2020/6/15

西欧

ユニリーバが本社を英に一本化へ、二重構造解消計画が復活

この記事の要約

英・オランダ系の食品・日用品大手ユニリーバは11日、本社を英国に一本化すると発表した。ロンドンとロッテルダムに本社を置く二重構造を解消し、経営を効率化するのが目的。2年前に打ち出した一本化計画は株主の反発で撤回に追い込ま […]

英・オランダ系の食品・日用品大手ユニリーバは11日、本社を英国に一本化すると発表した。ロンドンとロッテルダムに本社を置く二重構造を解消し、経営を効率化するのが目的。2年前に打ち出した一本化計画は株主の反発で撤回に追い込まれたが、再び実現を目指す。

オランダのマーガリン会社と英国の石けんメーカーが統合して誕生したユニリーバは、1930年から両国に本社を置く二重構造となっている。これが迅速な意思決定などの障害になっているとして、18年3月にオランダに統合する計画を発表した。しかし、英国の主要株価指数「FTSE100」の構成銘柄から除外されるとの懸念が広がり、英国の機関投資家が猛反発したことから、同年10月に撤回していた。

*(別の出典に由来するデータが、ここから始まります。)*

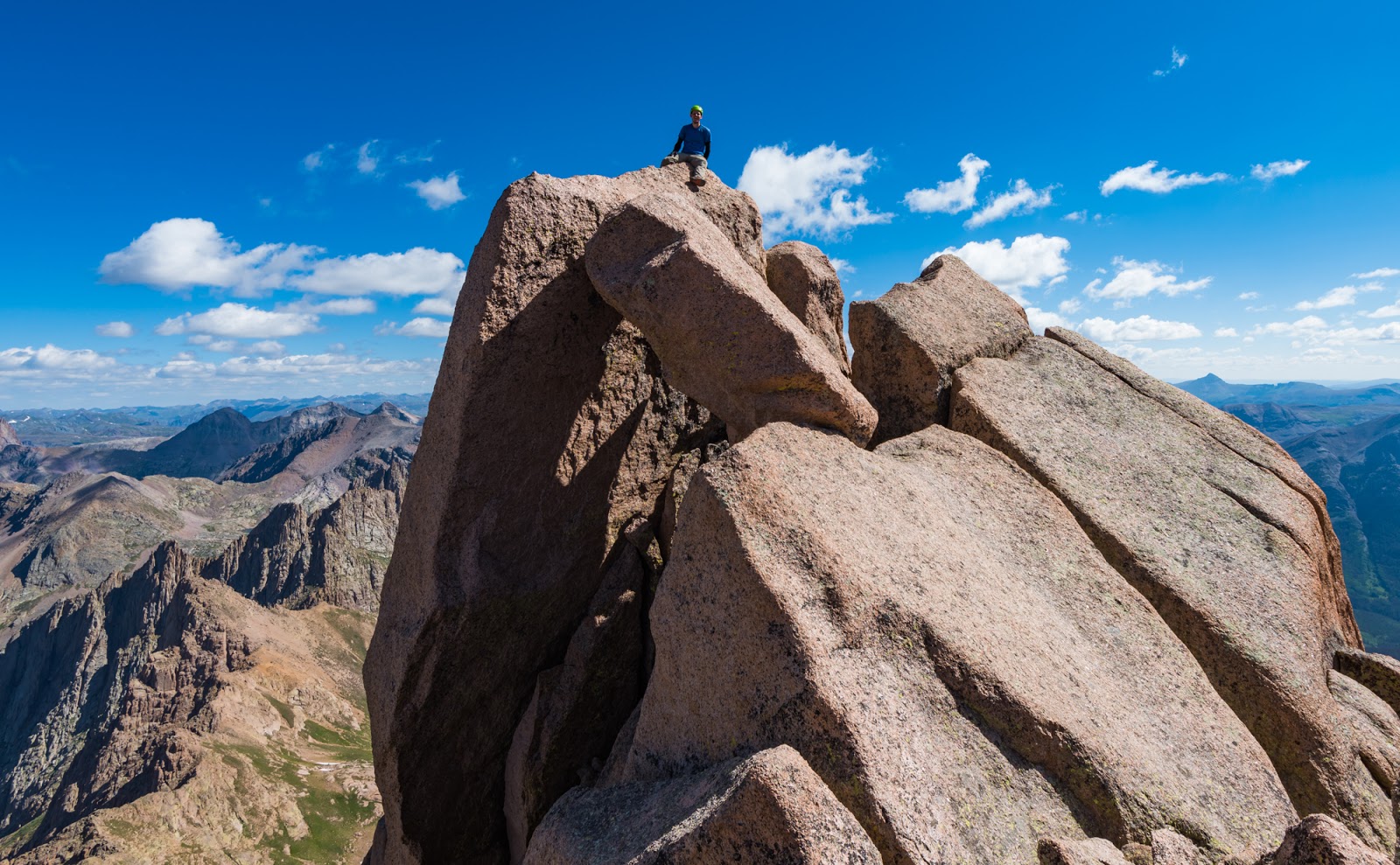 Epic terrain seen from the summit area of Sunlight Peak. Mount Eolus and North Eolus are the two peaks adjacent to each other in the upper-left.

新たに発表した計画では、ロンドンに一本化する形に切り替える。英国、オランダの現地法人は引き続き、それぞれの株式市場に上場し、事業は現状維持となるが、法的に英国が本社となることで複雑な構造が解消され、経営の柔軟性、コーポレートガバナンス(企業統治)を強化できるとしている。年内の実現を目指す。

同社は新型コロナウイルスの感染拡大で経営環境の急激な変化が見込まれる中、経営の柔軟性がより重要になるとして、本社一本化の必要性を強調している。